Et Julie dit encore à Saint-Preux:
Quand, avec les sentiments que j'eus pour vous et les connaissances que j'ai maintenant, je serais libre encore et maîtresse de choisir un mari, ce n'est pas vous que je choisirais, c'est M. de Wolmar.
Et elle lui dit même ce mot définitif: «Si le ciel m'ôtait cet époux, ma ferme résolution est de n'en prendre jamais un autre.»

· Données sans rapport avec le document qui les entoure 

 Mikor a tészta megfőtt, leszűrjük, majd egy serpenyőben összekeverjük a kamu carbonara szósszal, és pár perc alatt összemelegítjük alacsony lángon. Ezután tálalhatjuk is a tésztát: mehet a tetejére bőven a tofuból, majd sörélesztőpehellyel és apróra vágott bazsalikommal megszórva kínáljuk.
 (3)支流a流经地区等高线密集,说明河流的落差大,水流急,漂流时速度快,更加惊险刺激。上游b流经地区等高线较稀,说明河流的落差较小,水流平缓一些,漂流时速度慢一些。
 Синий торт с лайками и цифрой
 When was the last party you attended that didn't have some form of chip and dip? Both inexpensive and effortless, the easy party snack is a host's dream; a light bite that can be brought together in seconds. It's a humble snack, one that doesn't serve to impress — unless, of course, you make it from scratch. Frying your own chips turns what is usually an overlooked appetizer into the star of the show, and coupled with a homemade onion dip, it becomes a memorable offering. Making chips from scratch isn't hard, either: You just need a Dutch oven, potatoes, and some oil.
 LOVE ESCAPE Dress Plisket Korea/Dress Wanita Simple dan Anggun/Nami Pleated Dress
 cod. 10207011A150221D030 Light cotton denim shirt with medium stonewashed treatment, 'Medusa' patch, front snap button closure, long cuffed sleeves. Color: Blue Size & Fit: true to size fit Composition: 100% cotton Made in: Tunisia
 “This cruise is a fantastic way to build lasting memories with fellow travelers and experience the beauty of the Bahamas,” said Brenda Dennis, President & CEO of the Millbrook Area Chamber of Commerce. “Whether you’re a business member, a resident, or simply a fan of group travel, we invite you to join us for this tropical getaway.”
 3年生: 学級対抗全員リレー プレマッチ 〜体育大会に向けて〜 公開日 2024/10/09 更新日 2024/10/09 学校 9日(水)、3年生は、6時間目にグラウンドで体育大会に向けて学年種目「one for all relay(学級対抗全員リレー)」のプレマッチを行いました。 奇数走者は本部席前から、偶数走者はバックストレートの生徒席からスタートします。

Pourtant (et cela est fort bien vu), Julie n'atteint pas tout d'un coup à la parfaite sagesse. Elle a l'imprudence de dire: «Soyez l'amant de mon âme», parole dangereuse qui se répercutera dans des centaines et des milliers de romans du XIXe siècle. Ce n'est pas tout. Quand elle s'est laissée marier, n'ayant encore qu'une conscience hésitante et divisée, elle avait juré à son père de ne pas avouer sa conduite passée à M. de Wolmar. Maintenant qu'elle réfléchit et qu'elle a trouvé sa lumière, ce secret lui pèse cruellement. «Car, dit-elle, une sincérité sans réserve fait partie de la fidélité que je dois à mon mari.» Elle croit devoir consulter là-dessus Saint-Preux lui-même. La question est du plus haut intérêt. Elle est du même ordre (malgré les différences de détail), que celle qui est agitée dans _Monsieur Alphonse_, dans le _Jacques_ de George Sand, dans la _Dame de la Mer_ d'Ibsen, même dans la _Princesse de Clèves_.
Saint-Preux déconseille à Julie l'aveu, pour des raisons spécieuses. Elle répond, il réplique. La discussion est très serrée et fort belle. Julie, incertaine encore, attendra. Mais elle a le courage de donner à Saint-Preux un congé définitif: «Il est temps de devenir sage. Voilà la dernière lettre que vous recevrez de moi, je vous supplie de ne plus m'écrire.» Saint-Preux veut se tuer. Il ne se tue pas, mais il s'embarque pour trois ans.